First there was the recognition that still makes me squirm, the memory of the extent of my own righteousness in my youth, for the reviewer was suffering from similar tendencies, which justify in the minds of the righteous all manner of insensitivity. What we don’t get in that moment is that we are responding from fear—fear of not being taken seriously, fear of not being recognized for our seeming greater insight, etcetera, and using the most readily available soul to blame it on. Fear is so integral to all of us, thanks to how we've been conditioned to understand the world, and few people ever tease it out enough to see how deeply it owns them and how unfounded it is.
I think back to my corporate consulting days where we really wanted to show people how possible it is to work together effectively, but were usually called in to end a war or take down conflict. I remember the first time I asked a group of upper management why there was so much fear about the project in question and was promptly told, “We’re not afraid.” I had to bite my tongue not to laugh, so instead I merely asked, “Then what’s all this fighting about?”
|Toward the Center|
We are creatures of possibilities so vast and so extraordinary that to get stuck on fear like a fly to flypaper is a terrible loss. We can, however, start wherever we find ourselves to take a different run at it. It’s not like if you missed the first 50 lessons of Life 101, it’s too late. All we need do is determine that in the next issue that assails us, we will get to the center of it, for there is only one center—period. That center is called the truth of things. Life lived rightly is not lived linearly. We have Newtonian science to thank for that silly notion. Rather, it’s like we were a big ball and as long as we travel a radial line to the center, we will have lived one moment truly.
There once was a student of meditation that was desperate to meditate more effectively. Every time he came into the presence of his teacher, he would ask the same question until the teacher was weary of seeing him.

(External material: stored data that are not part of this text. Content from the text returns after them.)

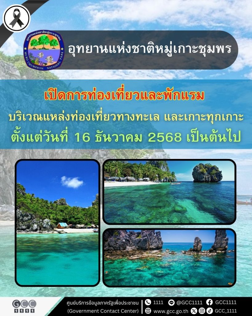 อุทยานแห่งชาติหมู่เกาะชุมพร เปิดการท่องเที่ยวและพักแรม บริเวณแหล่งท่องเที่ยวทางทะเล และเกาะทุกเกาะในเขตอุทยานแห่งชาติหมู่เกาะชุมพร ตั้งแต่วันที่ 16 ธันวาคม 2568 เป็นต้นไป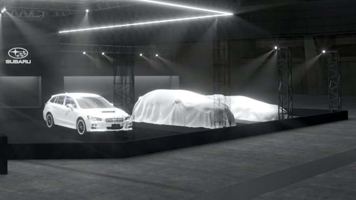 The image above clearly shows the covered model is an SUV, and every other model at the Subaru exhibit is a performance model developed by Subaru and STI. Subaru says all the models come equipped with STI performance parts "to make these models sportier and deliver greater enjoyment."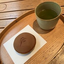 新緑のまぶしいお庭が良い雰囲気を醸し出しています。それを眺めながら、どら焼きと煎茶のセットを頂きました。煎茶は、おかわり可です。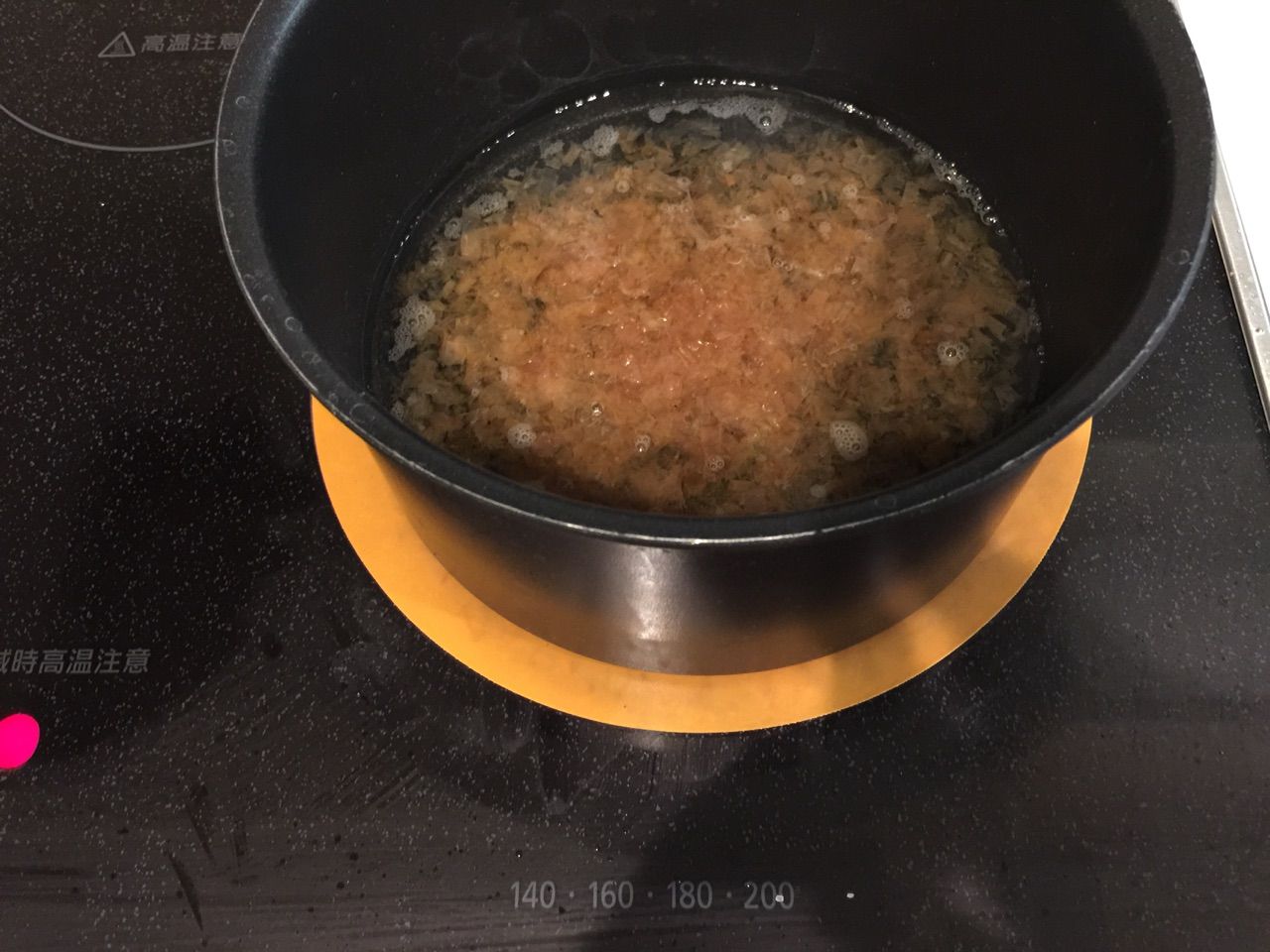 5.残りの出汁を中火にして、沸騰させたら、鰹節を入れる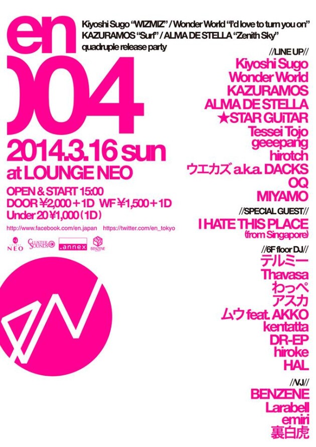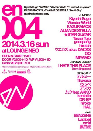 Kiyoshi Sugo “WIZMIZ” / Wonder World “I’d love to turn you on” / KAZURAMOS “Surf” / ALMA DE STELLA “Zenith Sky” の4組のリリースを祝し、2014年3月16日「en004」にて合同リリースパーティーを開催!!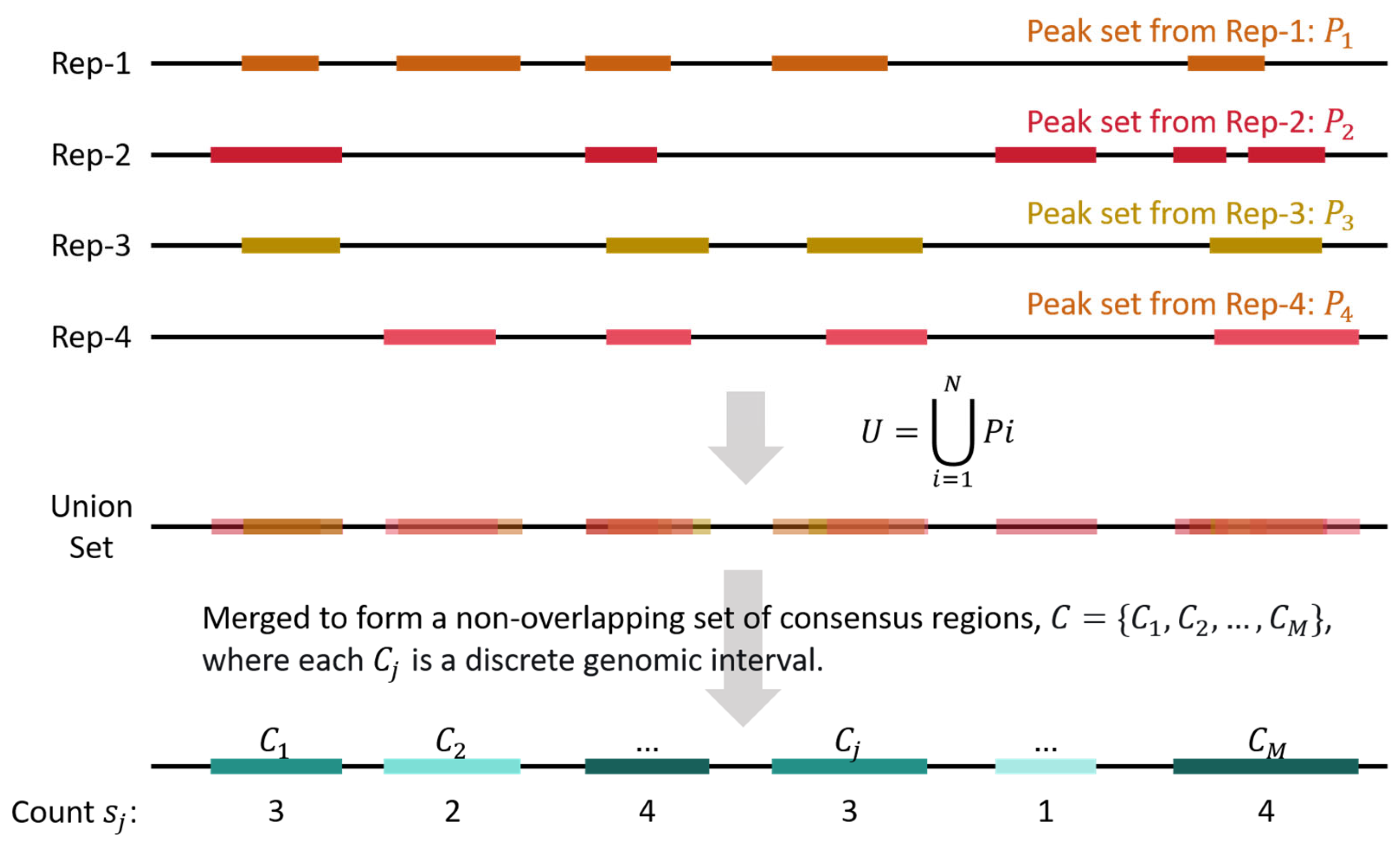 be the set of genomic intervals (peaks) called from replicate Rep-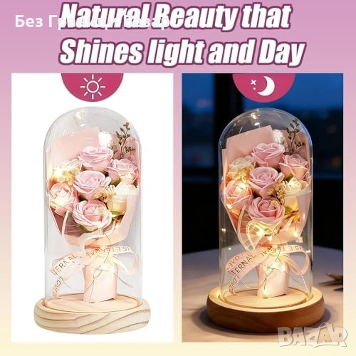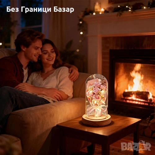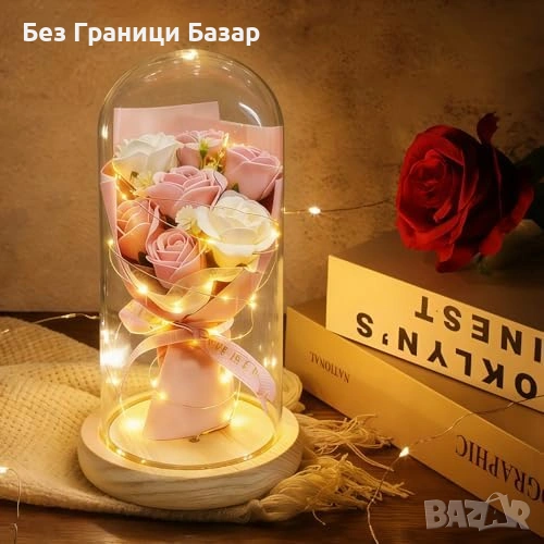 вечна роза в стъклен купол с нежна LED светлина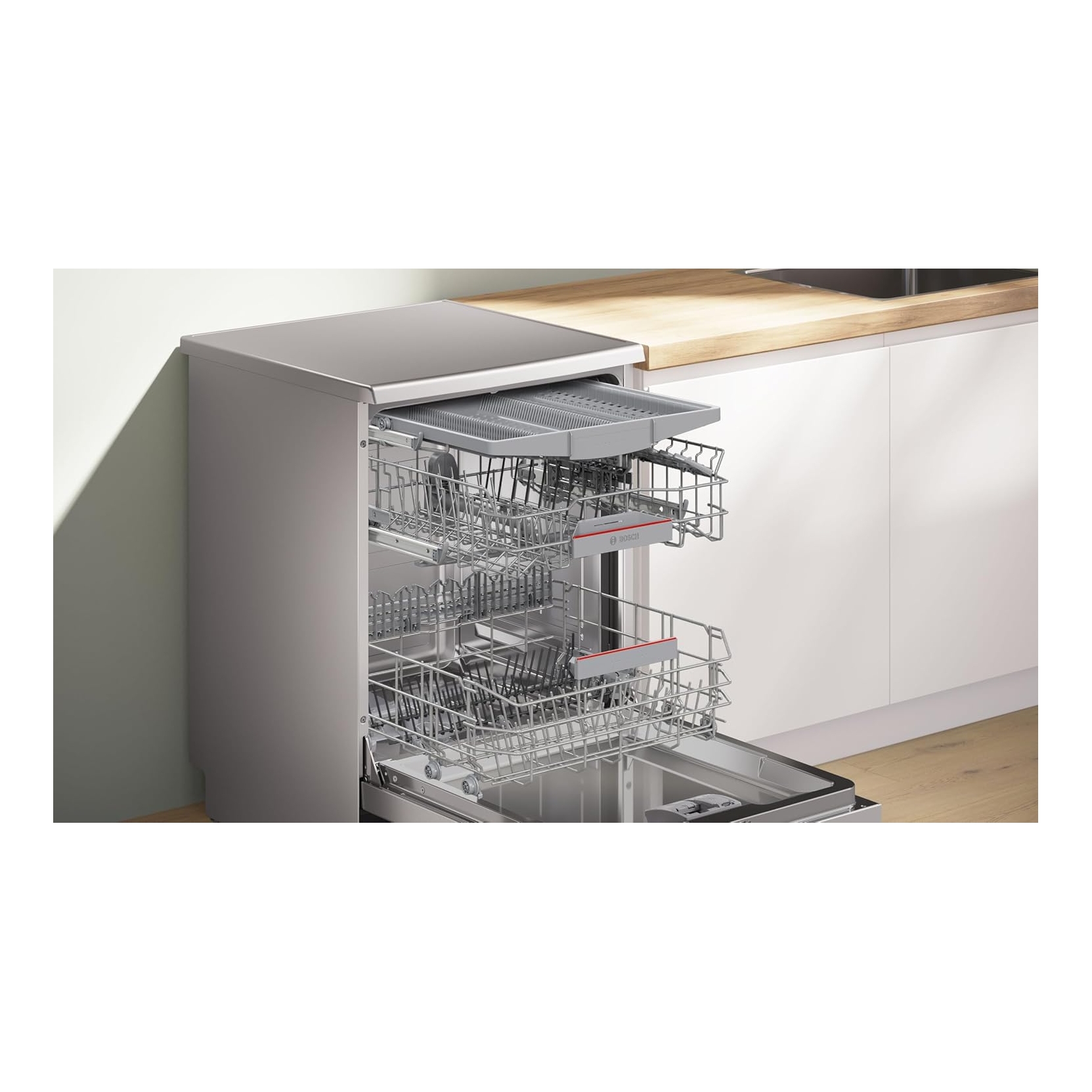 BOSCH SMS4ECI28E. Lavastoviglie a libera installazione - Serie 4 - Acciaio spazzolato anti-impronta - 14 coperti - Programmi: Eco, Auto 45-65°C, Intensivo, Express 60°, Silenzioso 50°, Preferito - Aquastop - Terzo cestello - Wifi - ZERO SPESE PAYPAL - SPEDIZIONE GRATUITA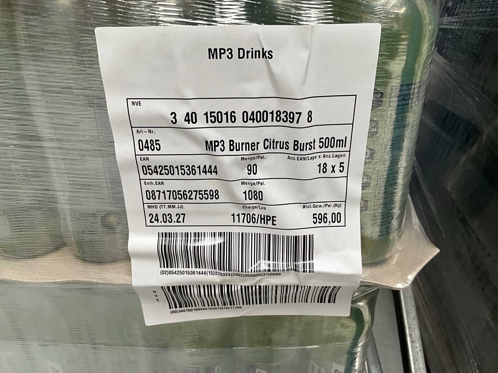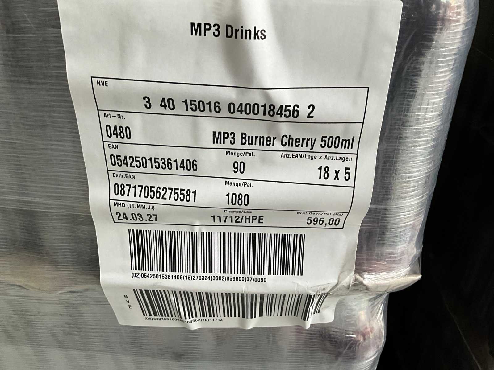 Bestaande uit: 5184x Burner Citrus 5184x Bunner Wild Cherry Liggende op 19 pallets Merk: MP3 Drinks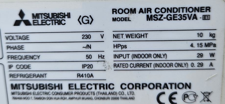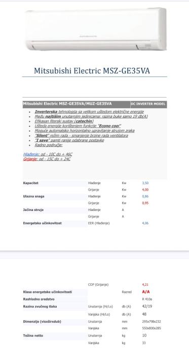 Prodajem rabljeni, potpuno ispravan klima uređaj Mitsubishi Electric MSZ-GE35VA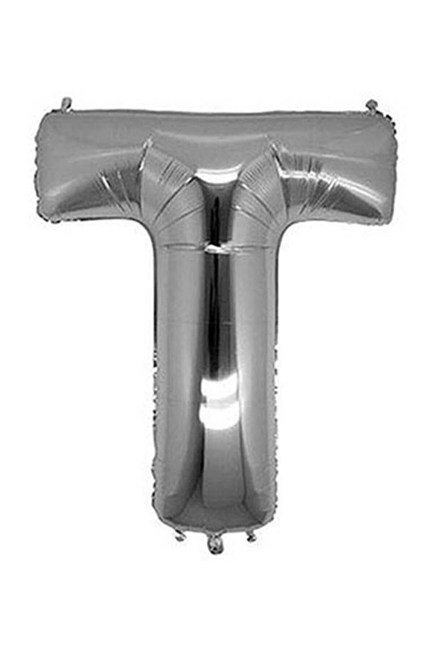 14Süs T Harf Silver Folyo Balon Harfli Helyum Balon 100 Cm Dev Boy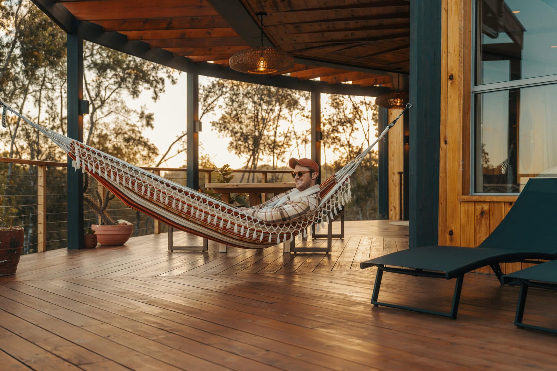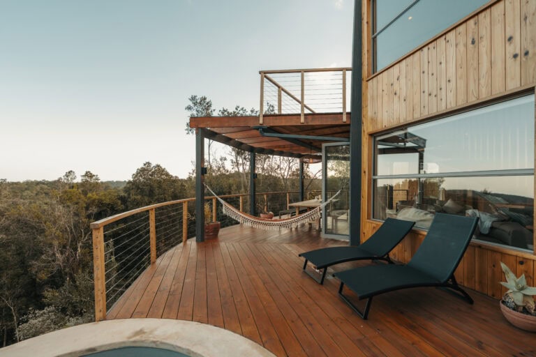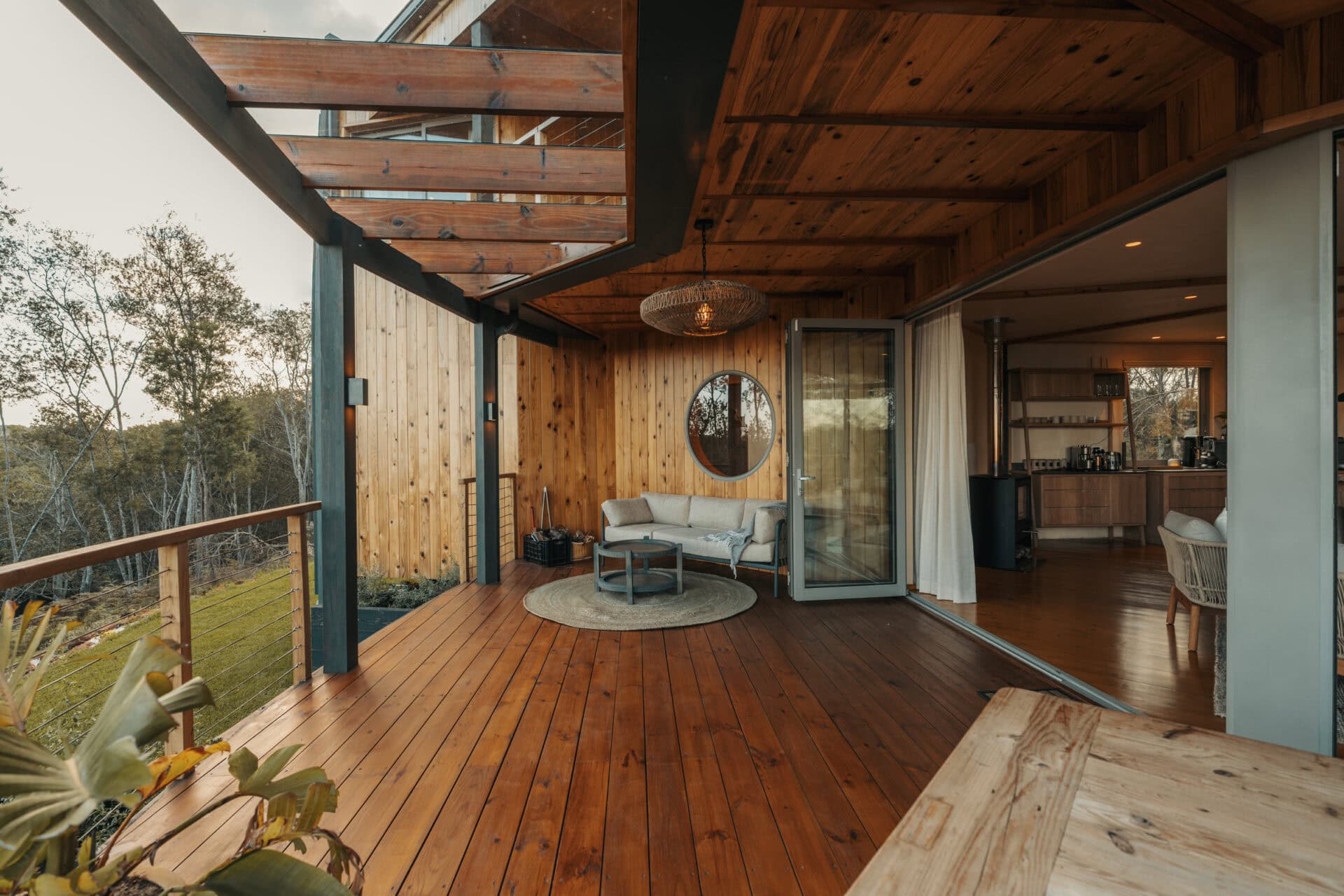 You’ll want to spend most of your time outside on the partially covered deck, taking in the forest views and listening to the sounds of nature. There’s a large dining table, a hammock, a couch, and a plunge pool for cooling off on warmer days. There’s also an upstairs deck with even better ocean views, along with an outdoor shower. Steps lead down to a fire pit, perfect for evenings under the stars.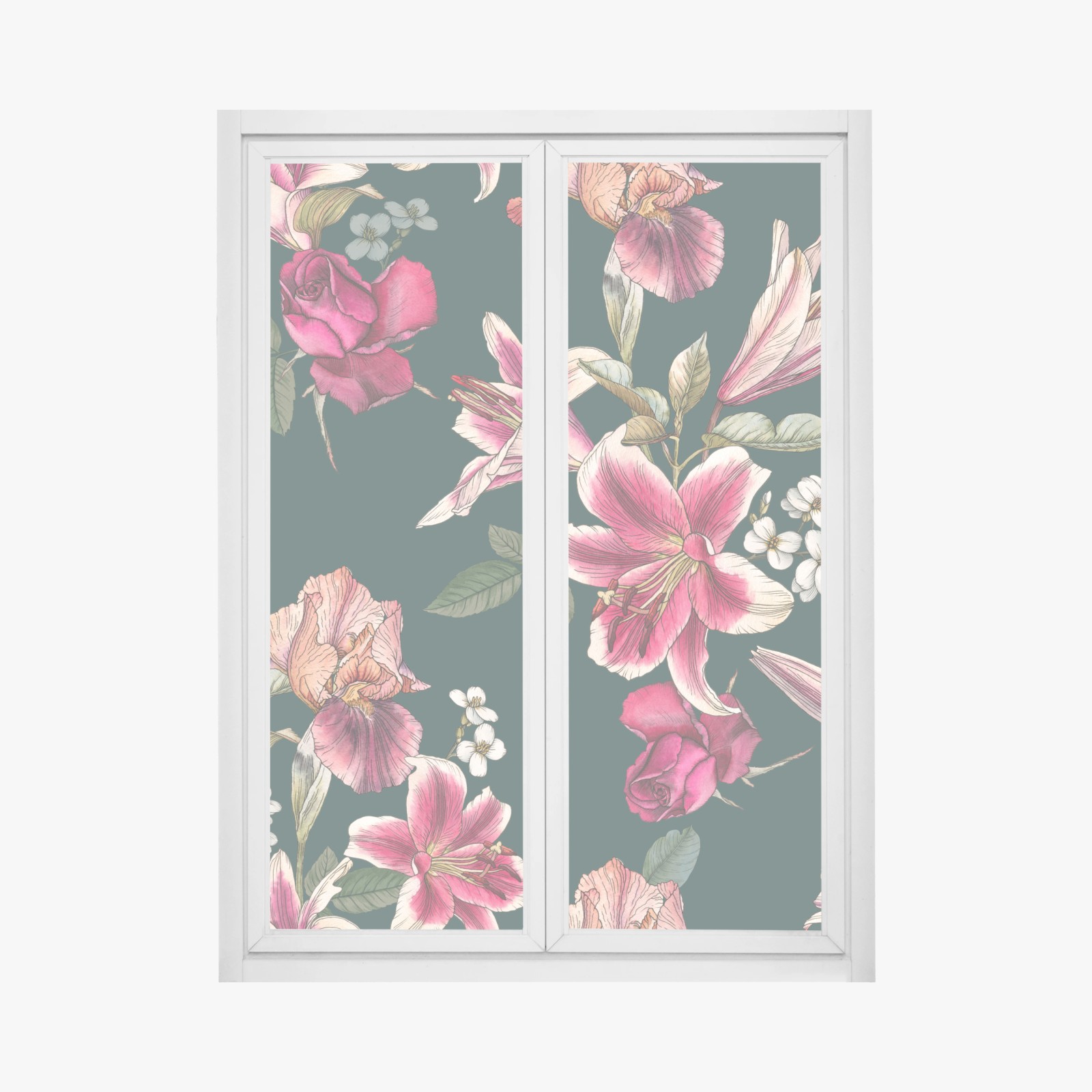 Fensteraufkleber Vintage botanisches floralmuster auf tiefgrün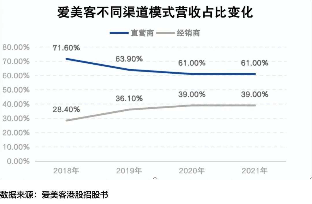 而在渠道方面,近年来为了迅速扩大规模保持高增长,爱美客在“直销”模式上也有所松动。港股招股书显示,2018年至2021年间,爱美客经销商收入占比从36.1%上升到39%,2021年新增经销商数量接近2018年的三倍。

Having failed to impact the student with all the various explanations he’d offered, one day the teacher merely said, “You know that space between one thought and the next?” The student nodded his head eagerly. “Make it longer.”
So I say to us all, live one true moment. Feel its exquisite peace, its indescribable beauty, its total lack of fear. Then go for another one.
Then listen to Rumi from his poem Zero Circle:
…When we have totally surrendered to that beauty,
We shall be a mighty kindness.
Most anything said with a tad more kindness will be more instructive, more useful and more effective for everyone, for fear won’t be its motivation and Beauty will be its reward.